◆ PROMPT:
Each line from the one containing "接着,2015年的时候,南靖" to the end of the data must be copied exactly, the first and last included; no other lines and no pictures belong in the copy.

◆ DATA EXCERPT:
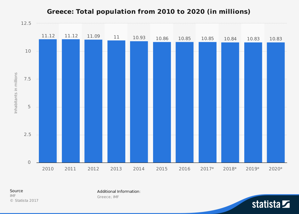 Η στατιστική απεικόνιση της ομάδας Statista δείχνει τον συνολικό πληθυσμό της Ελλάδας από το 2010 έως το 2016, με εκτίμηση έως το 2022.
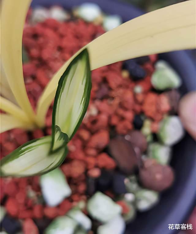 接着,2015年的时候,南靖兰家刘志云收获一盆叶片呈雪白叶艺的福州素荷,黄志雄从其处引种了两个头的中透小苗,经过5年精心培育,使其长成艺向相对稳定的中斑艺和中透艺植株。
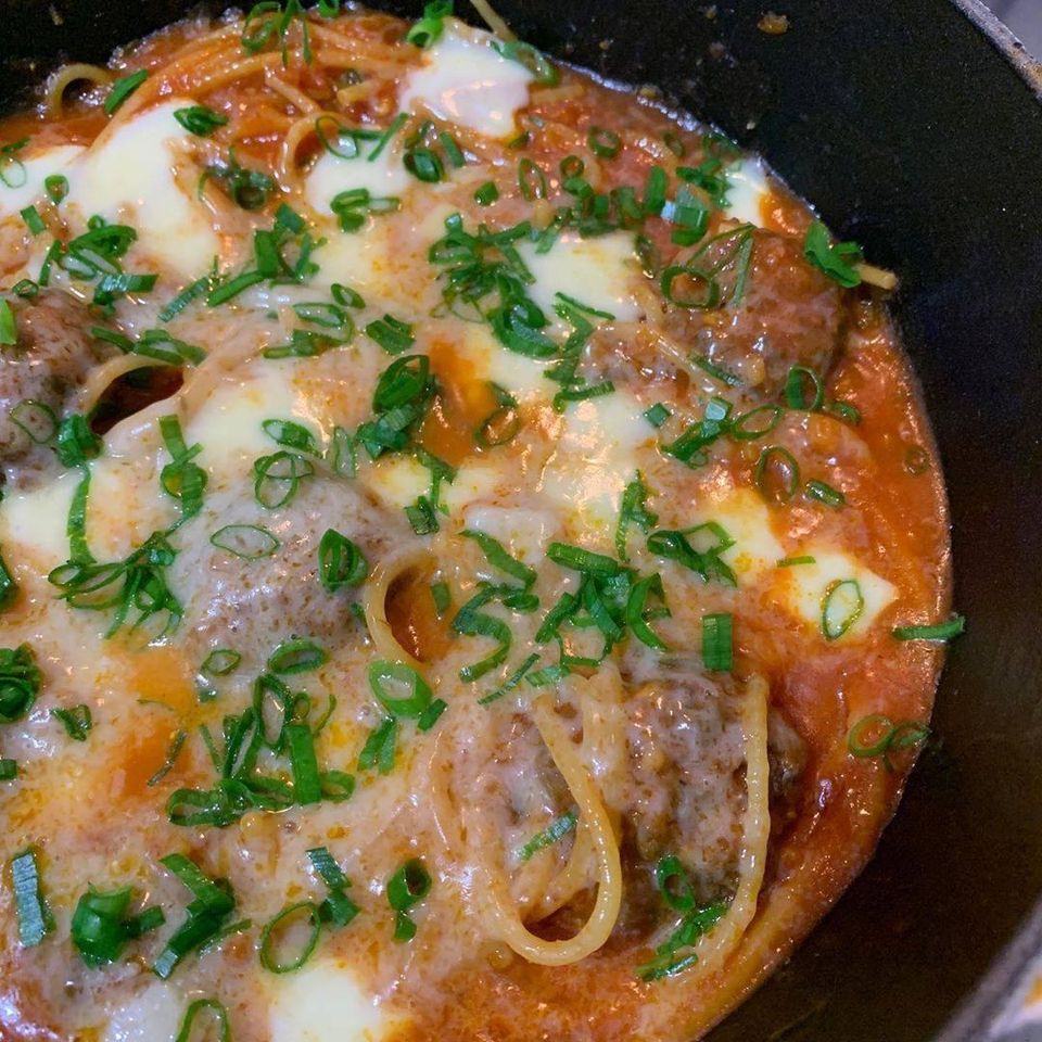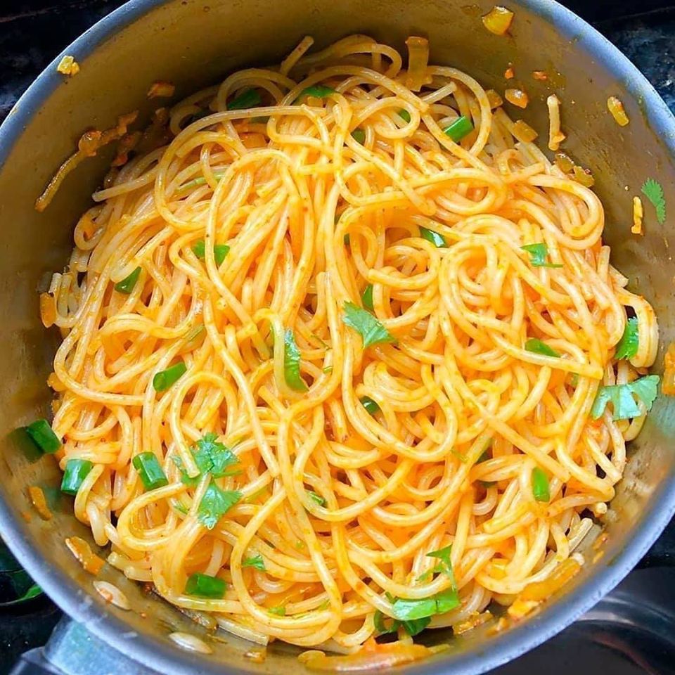 Numa panela refogue cebola, alho e pimenta de cheiro com um pouco de azeite. Já bem refogadinho coloque o molho de tomate e acrescente um pouquinho de açúcar pra tirar a acidez. Coloque sal e deixe ferver. Pode colocar um pouco de água tbm.. assim irá ferver e engrossar novamente. Acrescente as almôndegas (CRUAS) no molho e deixe ferver no fogo bem baixinho. Eu temperei a carne com alho, cebola e sal e recheei com queijo. Depois de uns 6 min com a carne cozinhando, coloque o espaguete e quebre ele ao meio pra caber tudo na panela. Dê uma misturada, coloque mais um pouco de água e tampe deixando ferver. Não tem tempo certo, vc vai abrindo e mexendo.. quando vc ver que está cozido, ótimo! Só desligar e finalizar com salsinha e queijo! A água vc pode ir acrescentando conforme for precisando! Sem medo! Prontinho! Ele é bem rápido! Faça as bolinhas menores, assim cozinham super rápido viu?!

◆ RESULT FOR THIS EXERCISE:
 接着,2015年的时候,南靖兰家刘志云收获一盆叶片呈雪白叶艺的福州素荷,黄志雄从其处引种了两个头的中透小苗,经过5年精心培育,使其长成艺向相对稳定的中斑艺和中透艺植株。
 Numa panela refogue cebola, alho e pimenta de cheiro com um pouco de azeite. Já bem refogadinho coloque o molho de tomate e acrescente um pouquinho de açúcar pra tirar a acidez. Coloque sal e deixe ferver. Pode colocar um pouco de água tbm.. assim irá ferver e engrossar novamente. Acrescente as almôndegas (CRUAS) no molho e deixe ferver no fogo bem baixinho. Eu temperei a carne com alho, cebola e sal e recheei com queijo. Depois de uns 6 min com a carne cozinhando, coloque o espaguete e quebre ele ao meio pra caber tudo na panela. Dê uma misturada, coloque mais um pouco de água e tampe deixando ferver. Não tem tempo certo, vc vai abrindo e mexendo.. quando vc ver que está cozido, ótimo! Só desligar e finalizar com salsinha e queijo! A água vc pode ir acrescentando conforme for precisando! Sem medo! Prontinho! Ele é bem rápido! Faça as bolinhas menores, assim cozinham super rápido viu?!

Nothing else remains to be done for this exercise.